Transportation, being one of the basic functions in urbanized areas, influences the form of cities and their livability—their economic, social and environmental characteristics. The usage of transit systems, or urban public transportation, decreased considerably when auto ownership began to grow. However, in recent decades many cities have made large investments in transit to reverse this trend. Experience has shown that transit has great significance for reducing traffic congestion, offering alternative means of travel, and contributing greatly to the quality of urban life. In developing countries, the role of transit is even greater than in the industrialized countries because it serves a greater number of people and offers capacities that highway systems cannot provide in rapidly growing cities.

In recent years, transit systems have benefitted from many physical and operational innovations. Yet literature on transit systems physical characteristics, planning, mode selection, and urban transportation policies is rather limited. Particularly missing are publications that present theoretical concepts as well as practical methods for their implementation in real world.

It has been the intention of this author to write a ‘‘transit trilogy’’—a set of books on three major aspects of transit and urban transportation: transit systems, operations, and transit role in cities. The first book in this series was Urban Public Transportation Systems and Technology (Prentice-Hall, 1981), which presents a systematic classification and definitions of urban transportation modes, with detailed descriptions and their characteristics. Many concepts and terms from those definitions have become standard in the field. That book is now out of print, but the demand for it suggests there is a need for an updated edition. That will be the author’s next task.

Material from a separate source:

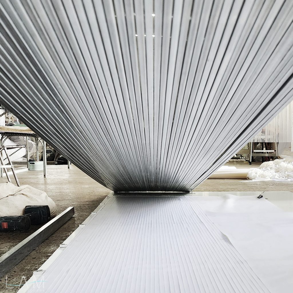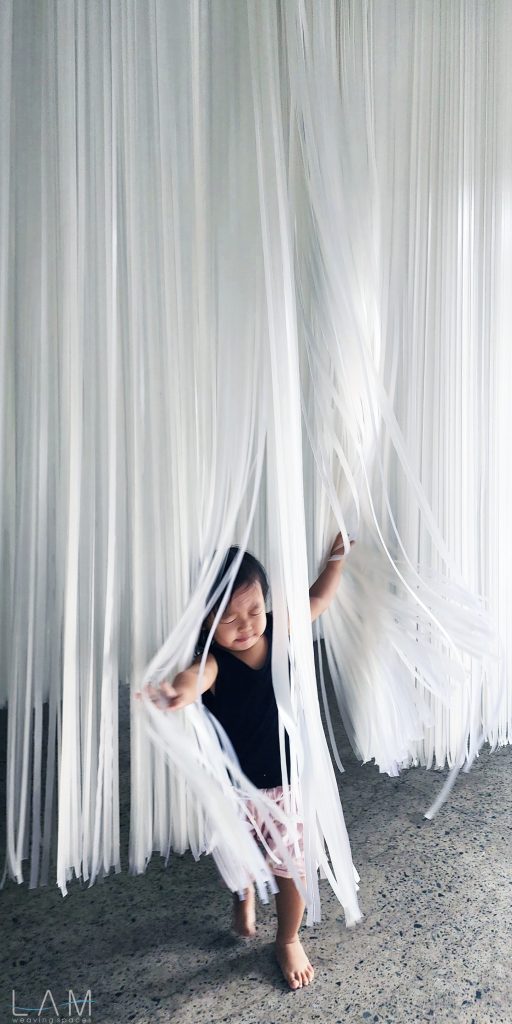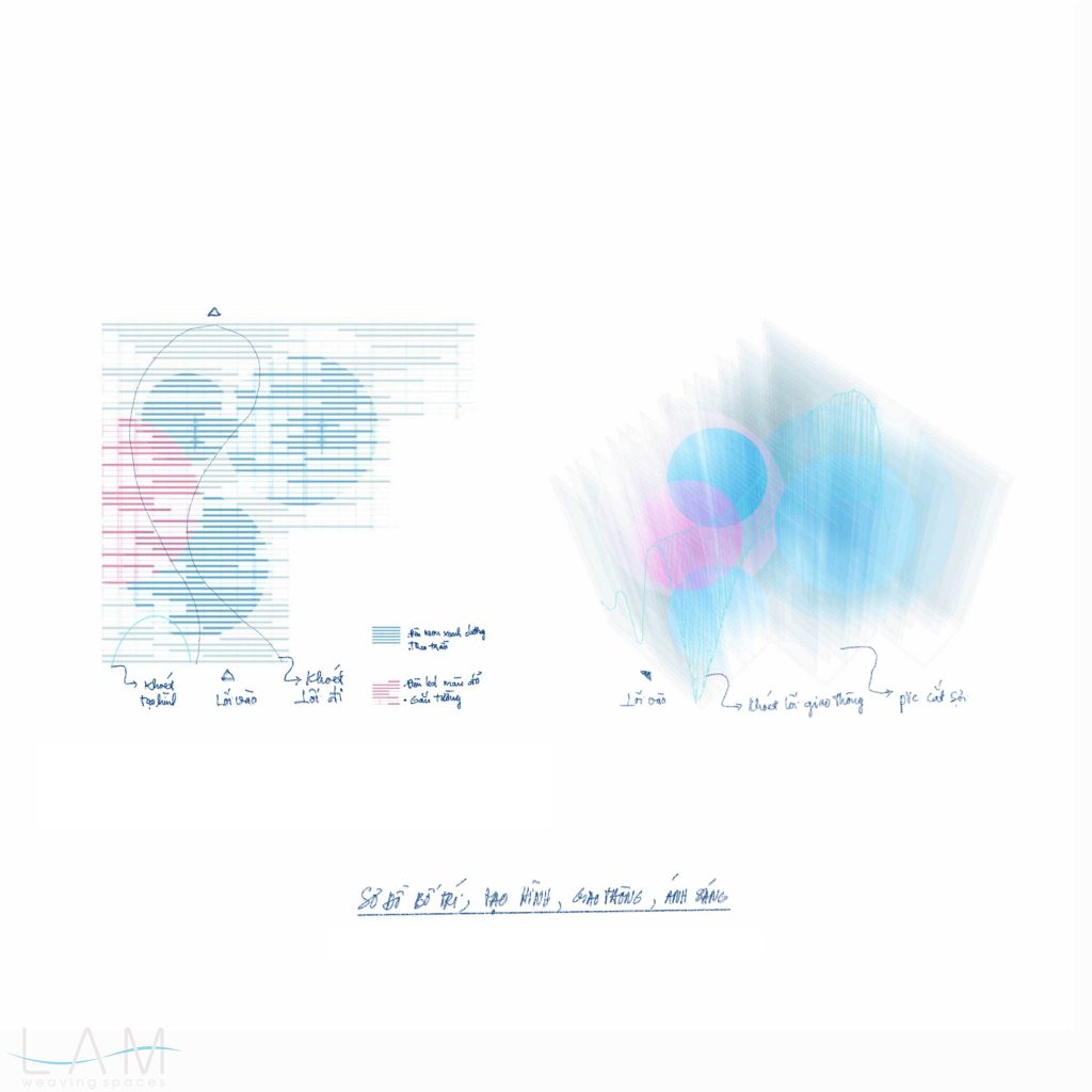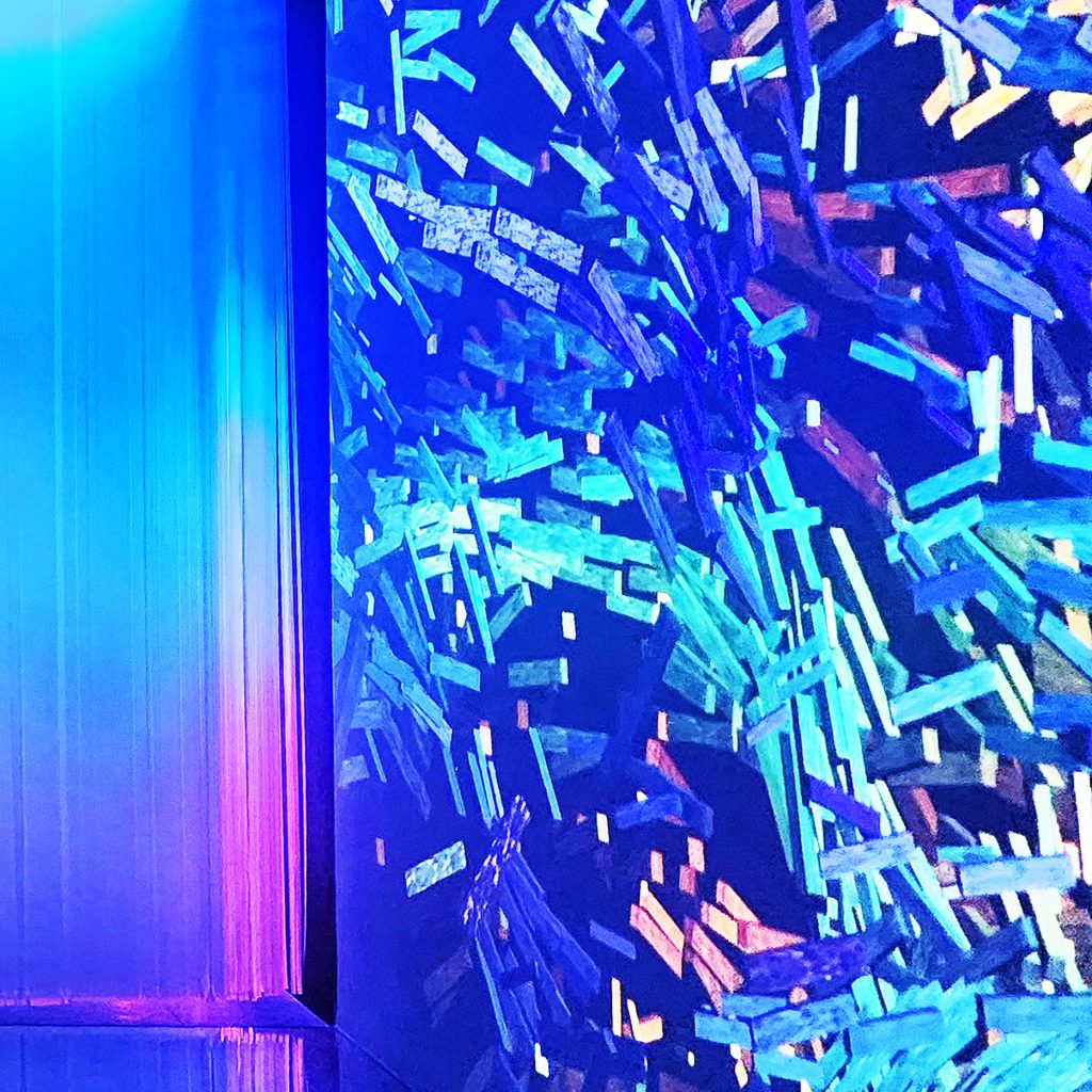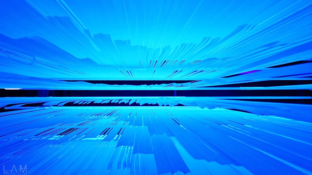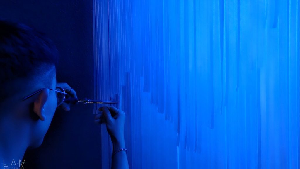 LAM tham gia thiết kế phòng Big Bang, nơi ‘bùng nổ’ về hiệu ứng ánh sáng và trình chiếu đương đại. Với sự kết hợp của ánh sáng, khối vật liệu dẫn sáng trở nên huyền ảo, vô tận. Lối dẫn tuy ngắn, hẹp nhưng cũng kịp mang lại những cảm giác ‘bất định’ khi lạc bước vào đây. Các dải nhựa PVC cắt dài, mỏng và xếp theo dạng bậc thang tạo ra một hành lang hoặc cánh cửa ẩn hiện, dẫn dắt người tham quan đi sâu vào không gian trừu tượng. Cảm giác như đang bước vào một chiều không gian khác, với ánh sáng mờ ảo và không gian mềm mại, mờ nhạt. Sự kết hợp giữa ánh sáng, chất liệu và cấu trúc tinh tế khiến không gian trở nên dễ chịu và gợi nhiều cảm hứng, đặc biệt khi người xem đi qua các dải nhựa lấp lánh.

A broad review of urban transportation policies, systems, and impacts of the selection of private versus public transportation modes on cities is presented in Transportation for Livable Cities (CUPR Press, Rutgers, 1999). The relationships among the private automobile, transit, and other modes are systematically reviewed. The importance of transit for livability of cities is given particular attention. This book also defines and discusses such important contemporary concepts as balanced transportation and livability of cities.

The present book covers transit system operations and planning and represents a logical continuation of the first book. Thus, it falls between the preceding two books and completes the transit trilogy.

This book is organized in three parts. Part I, Chapters 1 to 5, covers transit systems operations and networks. Chapter 1 defines concepts of transit systems operations and presents the methodology for scheduling of transit units (vehicles) and personnel (run-cutting) for transit lines. Chapter 2 covers a number of aspects of transit operations, including line capacity, transit speeds, types of stops, accelerated services, and scheduling for special geometric forms of lines. Chapter 3 presents an introduction to applications of modeling and optimization in the analysis of transit systems operations and design. Chapter 4 gives an extensive review and analysis of transit lines and networks: their forms, characteristics, and methods of evaluation. Chapter 5 describes determination of the number and locations of stations on rail transit lines.

Part II, Chapters 6 through 9, discusses transit agency operations, economics, and organization. Chapter 6 presents transit system management and operation, including internal organization of agencies, relations with personnel (labor) and passengers, accessibility requirements, information, and marketing. Chapter 7 covers fares: their types and classification, characteristics, and methods of collection. Chapter 8 reviews methods and sources of transit financing. Role of different government levels in financing and efforts to increase efficiency of operations are also discussed. Chapter 9 presents an overview of types of transit organizations and government regulation, including a review of numerous recent innovative concepts in public-private cooperation and separation of policy bodies from transit operating public agencies or private companies.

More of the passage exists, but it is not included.